(PROVIDED RECORDS)
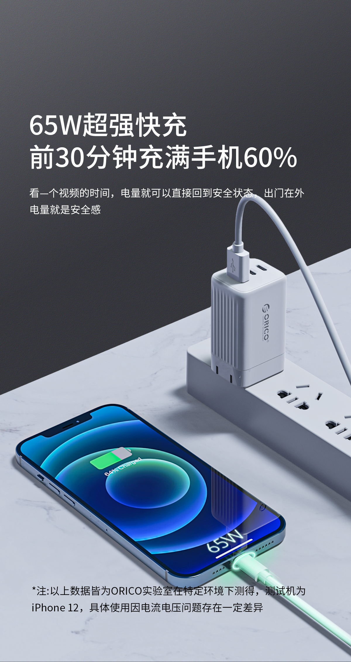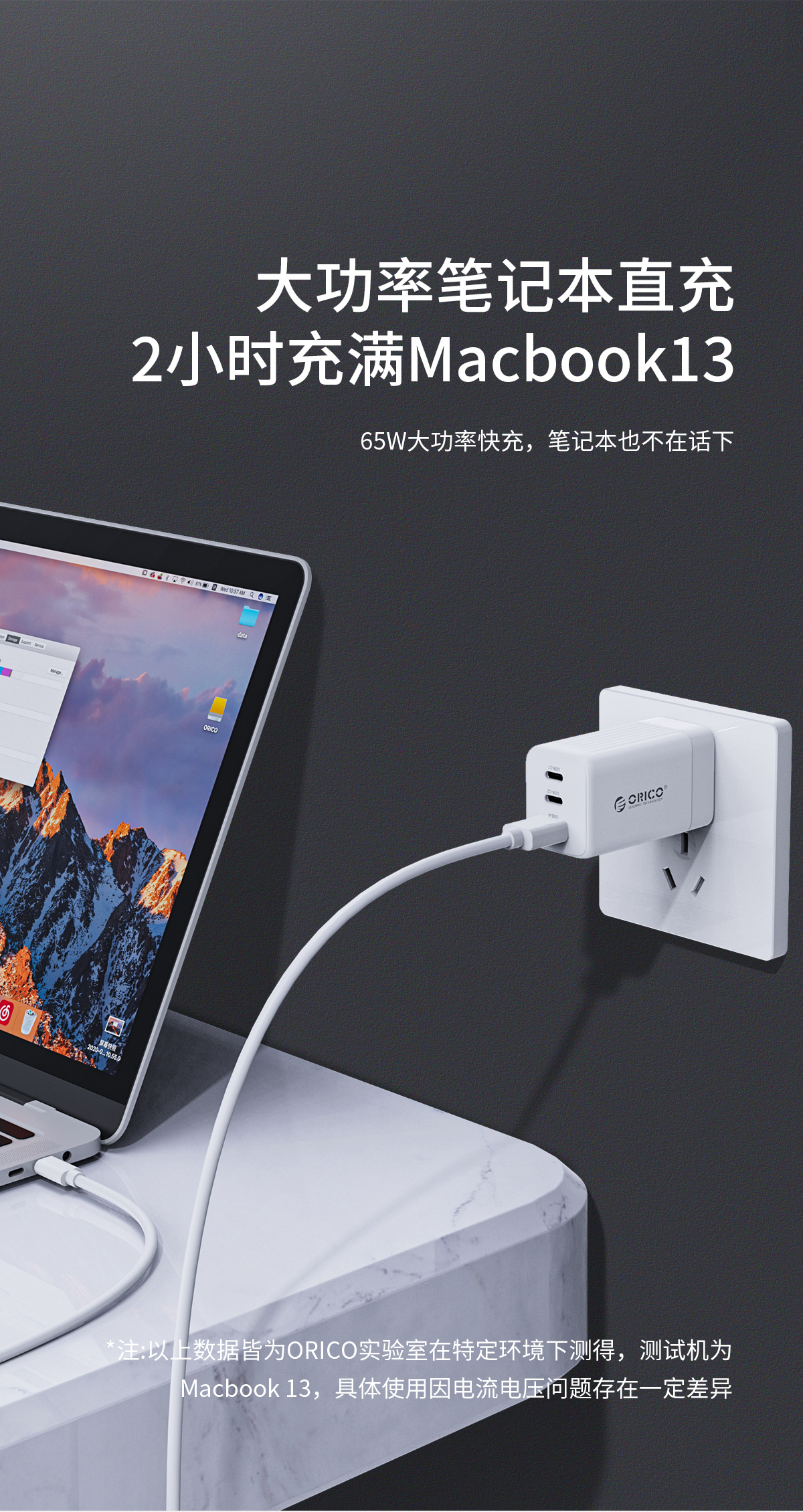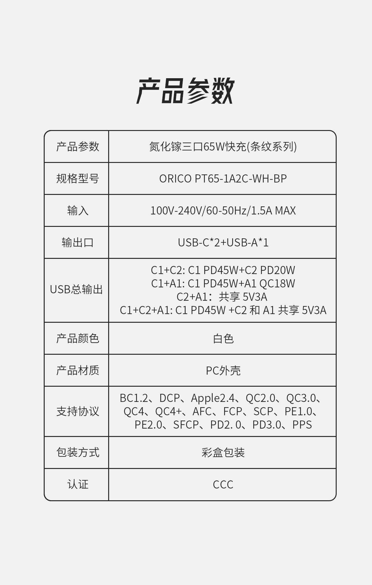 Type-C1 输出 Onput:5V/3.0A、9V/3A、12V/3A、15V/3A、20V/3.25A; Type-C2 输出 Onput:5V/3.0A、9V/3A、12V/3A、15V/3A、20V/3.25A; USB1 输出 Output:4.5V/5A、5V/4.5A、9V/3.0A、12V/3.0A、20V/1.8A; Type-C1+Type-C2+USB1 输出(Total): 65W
(End PROVIDED RECORDS)
(PROVIDED RECORDS)
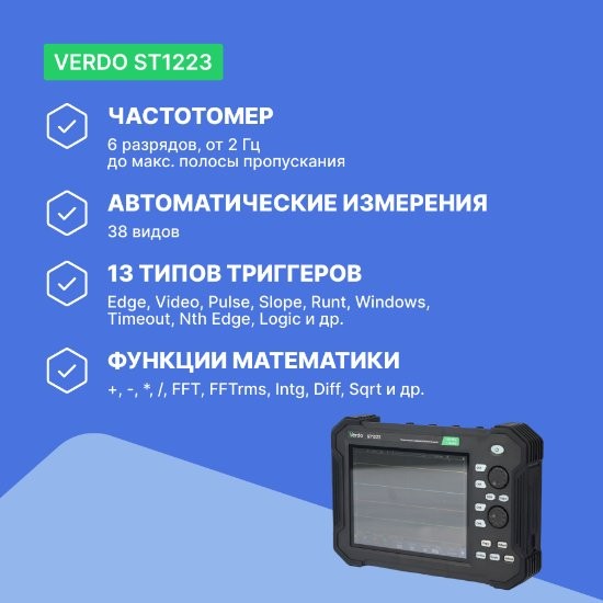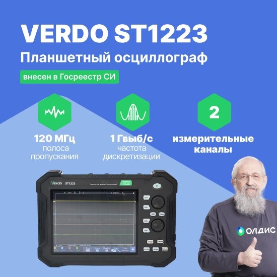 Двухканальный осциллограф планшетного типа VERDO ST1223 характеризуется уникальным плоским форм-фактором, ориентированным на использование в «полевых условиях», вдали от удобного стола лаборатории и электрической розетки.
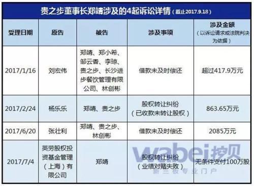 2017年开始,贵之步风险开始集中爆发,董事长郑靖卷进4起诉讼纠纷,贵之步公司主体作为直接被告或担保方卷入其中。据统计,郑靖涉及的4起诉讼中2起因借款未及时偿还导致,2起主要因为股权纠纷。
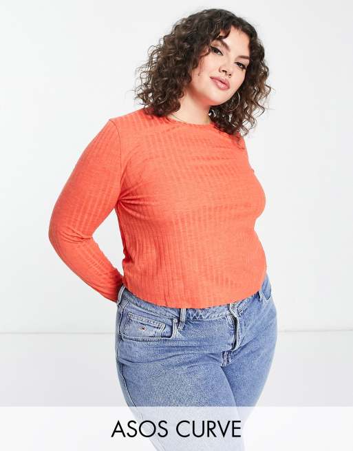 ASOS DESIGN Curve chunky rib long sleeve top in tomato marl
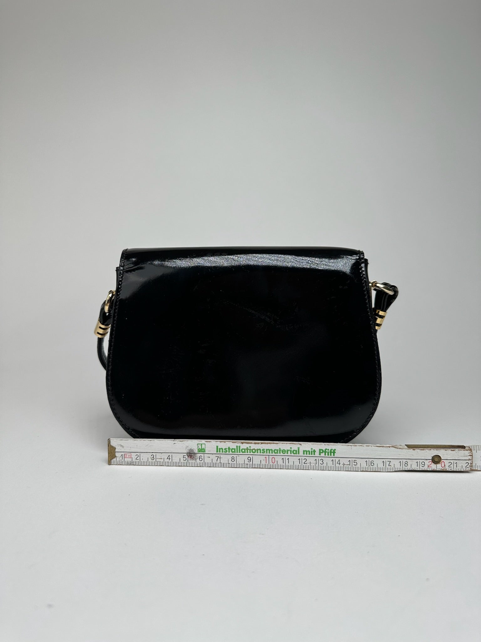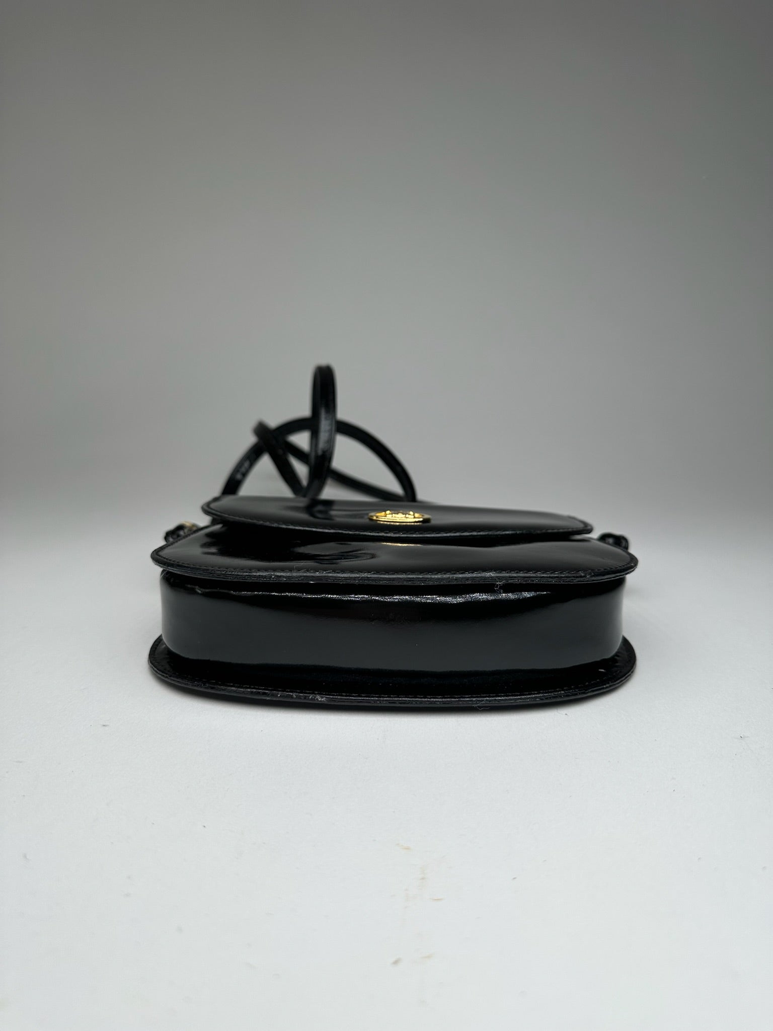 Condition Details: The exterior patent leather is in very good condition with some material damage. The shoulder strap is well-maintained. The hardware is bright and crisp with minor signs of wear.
(End PROVIDED RECORDS)
(PROVIDED RECORDS)
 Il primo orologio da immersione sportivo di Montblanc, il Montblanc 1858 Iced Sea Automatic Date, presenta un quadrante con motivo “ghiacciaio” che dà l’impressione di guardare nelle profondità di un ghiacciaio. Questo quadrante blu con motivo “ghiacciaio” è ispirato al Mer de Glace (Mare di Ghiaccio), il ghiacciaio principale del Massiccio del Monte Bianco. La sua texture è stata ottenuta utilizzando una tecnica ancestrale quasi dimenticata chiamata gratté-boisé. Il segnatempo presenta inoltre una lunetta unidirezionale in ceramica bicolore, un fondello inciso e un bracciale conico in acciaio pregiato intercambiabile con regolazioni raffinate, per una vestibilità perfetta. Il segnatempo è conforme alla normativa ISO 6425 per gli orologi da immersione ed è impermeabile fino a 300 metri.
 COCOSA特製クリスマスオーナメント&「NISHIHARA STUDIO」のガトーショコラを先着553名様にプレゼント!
(End PROVIDED RECORDS)
• _ASSIGNMENT_
The copy should hold only the lines from the one with "2017年开始,贵之步风险开" through the one with "Condition Details: The", exactly as they stand above. Leave out the pictures.

• _ANSWER TO THIS PROBLEM_
 2017年开始,贵之步风险开始集中爆发,董事长郑靖卷进4起诉讼纠纷,贵之步公司主体作为直接被告或担保方卷入其中。据统计,郑靖涉及的4起诉讼中2起因借款未及时偿还导致,2起主要因为股权纠纷。
 ASOS DESIGN Curve chunky rib long sleeve top in tomato marl
 Condition Details: The exterior patent leather is in very good condition with some material damage. The shoulder strap is well-maintained. The hardware is bright and crisp with minor signs of wear.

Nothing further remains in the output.